Vibrational spectroscopy is the study of the motion of specific chemical bonds in a molecule. Each bond in a molecule will interact with a specific wavelength of light and because each molecule is unique, the wavelength of light that interacts will be slightly different depending on the structure of the molecule. This fundamental principal provides a ‘fingerprint’ (a unique signature) for any molecule. This means that a molecule can be identified from its vibrational spectrum.

Besides providing a unique signature for a molecule, the amount of light that interacts with a molecule is directly related to how much of the molecule is present. Therefore, vibrational spectroscopy can be used to measure how much of a material is present in a sample. Certain molecular vibrations absorb light more strongly, while other molecular vibrations are stronger at scattering light. Thus, there are two common types of vibrational spectroscopy:

  • Infrared spectroscopy: the wavelength of light is directly absorbed by the sample; and
  • Raman spectroscopy: the interaction of the light with the sample is not a simple absorption but a scattering process.

Both techniques provide similar data but have strengths and weakness that define which technique is applied to what sample in which situation.

Industrial applications of vibrational spectroscopy

As mentioned above, vibrational spectroscopy is a fingerprinting technique that can be used to identify a material. Compared to other techniques that are used to identify and quantify materials, vibrational spectroscopy has the benefit of being specific, and in many cases, non-destructive. For example, mass spectrometry can also be used to identify a material but due to the nature of the technique, the sample is destroyed. One can collect a vibrational spectrum of a sample and in most cases, the sample remains intact and undamaged.

Vibrational spectroscopy is used in almost every industry, including materials, polymers and plastics, aerospace, fine chemicals, medicine, pharmaceuticals, textiles, art and archeology, semiconductors and foods. If the technique is not used directly in that industry, it is commonly used indirectly somewhere in the supply chain for an industry to characterise an ingredient or a product. One example of this is in the medical device industry, where the device manufacturer does not use vibrational spectroscopy, but their supplier of tubing would use it to characterise and validate the materials of construction. Another example comes from the production of meat.

Although a poultry supplier will not use infrared spectroscopy, the supplier of the feed may use vibrational spectroscopy to determine the nutrient profile of feed. In academia, vibrational spectroscopy is used to measure characteristics to help untangle fundamental scientific problems – ranging from research at academic institutions to quantitate how much of a product is in a mixture from a chemical reaction, to research at large teaching hospitals to understand the fundamentals of cancer.

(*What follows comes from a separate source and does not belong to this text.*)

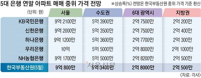 상승폭에 대해서는 은행마다 온도 차가 있다. 지난 5월 한국부동산원 아파트 중위 매매 가격은 서울 9억 800만원, 수도권 5억 3400만원, 6대 광역시(부산·대구·인천·대전·광주·울산) 2억 8000만원, 지방권 2억 500만원 수준이다. 우리은행은 이를 기준으로 올해 말 서울 아파트 중위 매매 가격이 10억원으로 오른 뒤 내년 상반기에는 10% 오른 11억원까지 뛰어 하반기까지 이런 수준이 유지될 것이라고 봤다.

Moreover, one of the most exciting developments occurring in vibrational spectroscopy right now is the trend to move the techniques out of the laboratory and into the field. These efforts are aimed at taking the techniques and allowing non-scientific users to make measurements and obtain data in the field without having to take a sample back to the lab. Some areas where this is having a great deal of impact are in law enforcement and security, where a white powder can be quickly identified, and agriculture, where the amount of sugar in a piece of fruit can be measured while it is still on the plant. These applications are enabled by the increasing miniaturisation of the instrumentation and the ability to use data analysis tools that reside ‘in the cloud’ to interpret the information and recommend action plans.

The Coblentz Society

Our mission at the Coblentz Society is to foster the understanding and application of vibrational spectroscopy. To that aim, the society has a number of areas that we work in. We have an extensive education effort where our members teach the next generation of spectroscopists. We participate in technical conferences which is also an educational effort to provide information on cutting edge applications of our technical area. Additionally, we offer several prestigious awards to recognise the outstanding vibrational spectroscopists in both academia and industry.

We have an extensive mentoring program where our more experienced members interact with younger members in order to provide them with advice on things such as career directions, employment opportunities and general advice on what it is like to practice vibrational spectroscopy in a particular area. We also have an extensive program to support younger scientists with scholarships, and more importantly to help them deal with the financial impact of being a young scientist who wants to participate in the community but may not be able to afford the travel or deal with the issues of dependent care.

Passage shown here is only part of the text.